▼▼▼

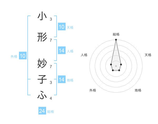 小形 妙子ふさんの総格は24画の5点!
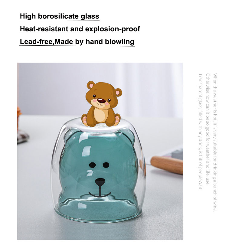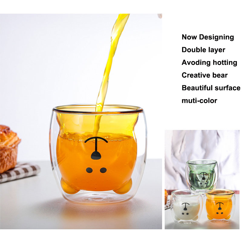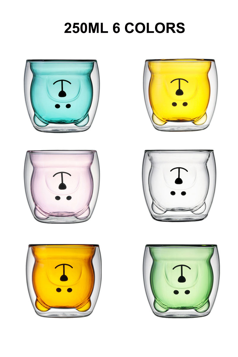 Tazas de vidrio de doble capa con diseño de oso lindo, vaso de vidrio de pared de 250ml, leche, café, té, jugo, regalo de aniversario del Día de San Valentín, envío directo
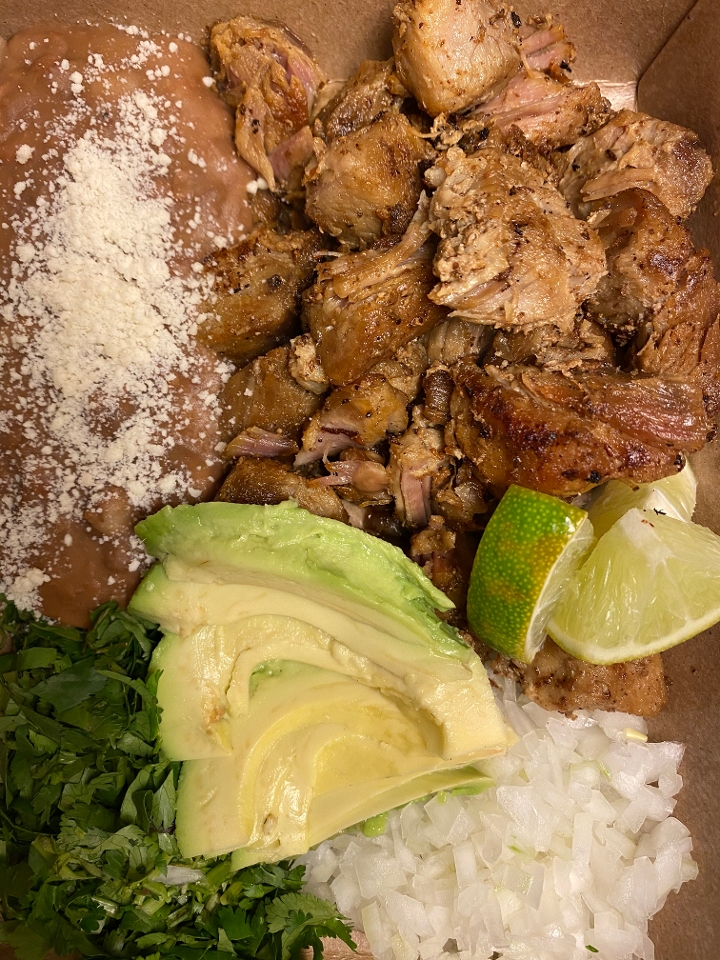 Crispy, moist pork served with avocado, beans, and tortillas for making tacos.
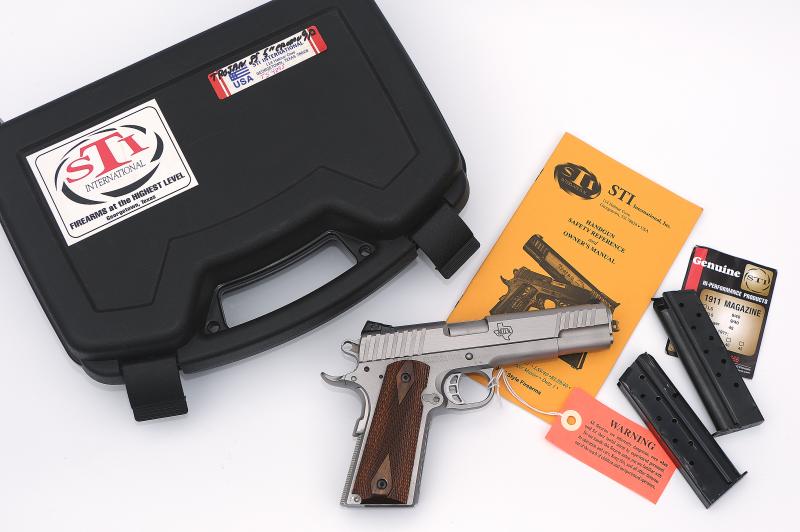 Está construida sobre un armazón Government de acero inoxidable STI 1911, con una banda delantera con textura STIsppled, lomo de empuñadura cuadriculado y guardamonte rebajado. Sus controles incluyen un seguro manual lateral de acero inoxidable de STI International y un seguro de empuñadura high-rise beavertail con alivio para el nudillo.
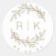 Gold Line Art Botanical Wreath Wedding Monogram Classic Round Sticker
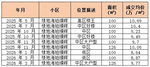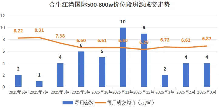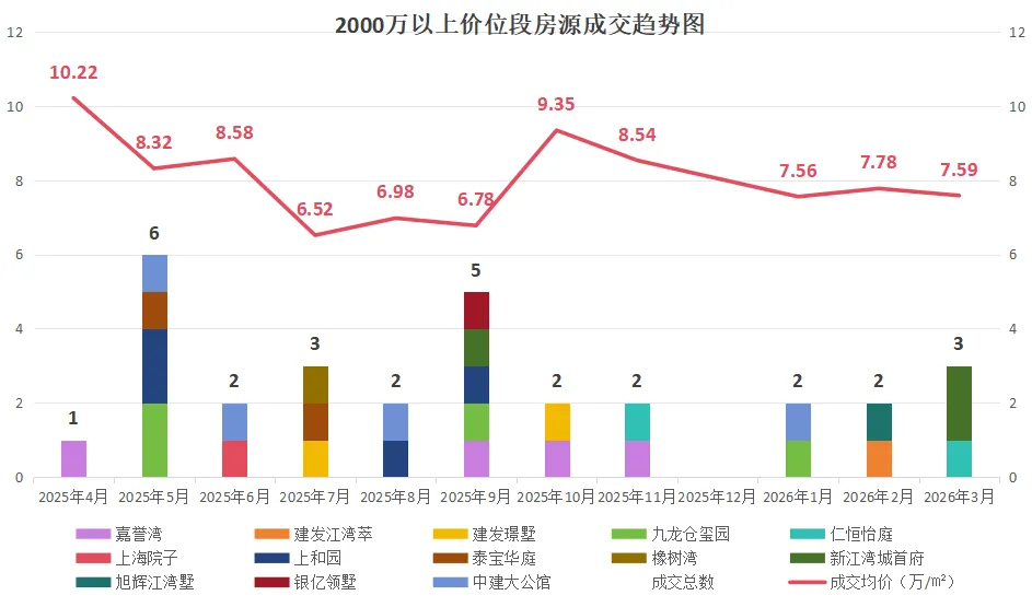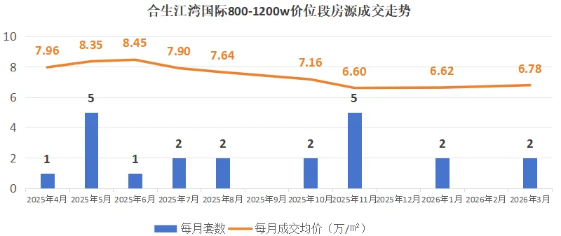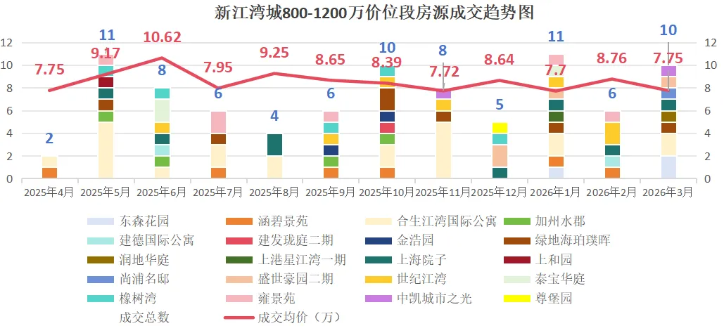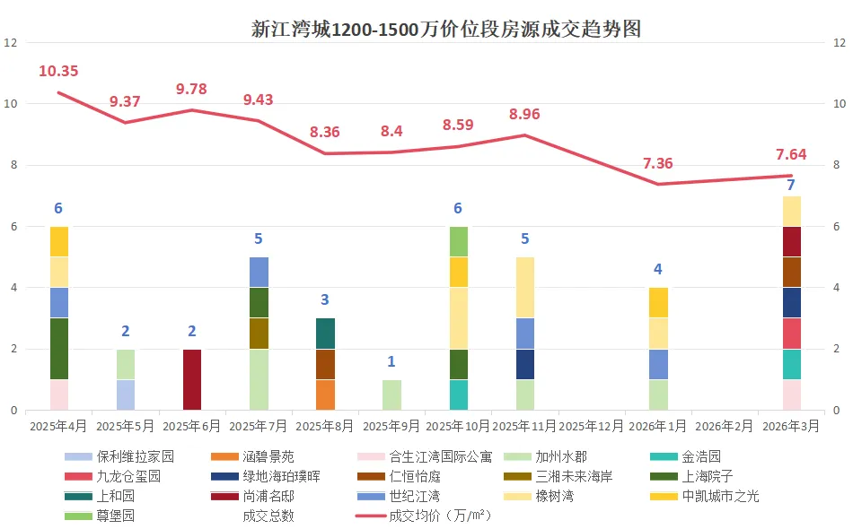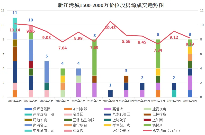 该价位段上半年一路下行,7月探底7.64万/㎡后短暂反弹又回落,10月成交缩量价格回弹至高位后持续下行,26年1月跌至全年最低点,3月成交放量价格稍回暖,仍处于底部震荡、弱企稳,未形成持续反弹趋势。

▲▲▲

Exercise brief
Look above for the line with "Tazas de vidrio", then print it and each line after it down to and including the line with "Crispy, moist pork". Leave out the pictures and keep the wording exact.

Answer to the problem
 Tazas de vidrio de doble capa con diseño de oso lindo, vaso de vidrio de pared de 250ml, leche, café, té, jugo, regalo de aniversario del Día de San Valentín, envío directo
 Crispy, moist pork served with avocado, beans, and tortillas for making tacos.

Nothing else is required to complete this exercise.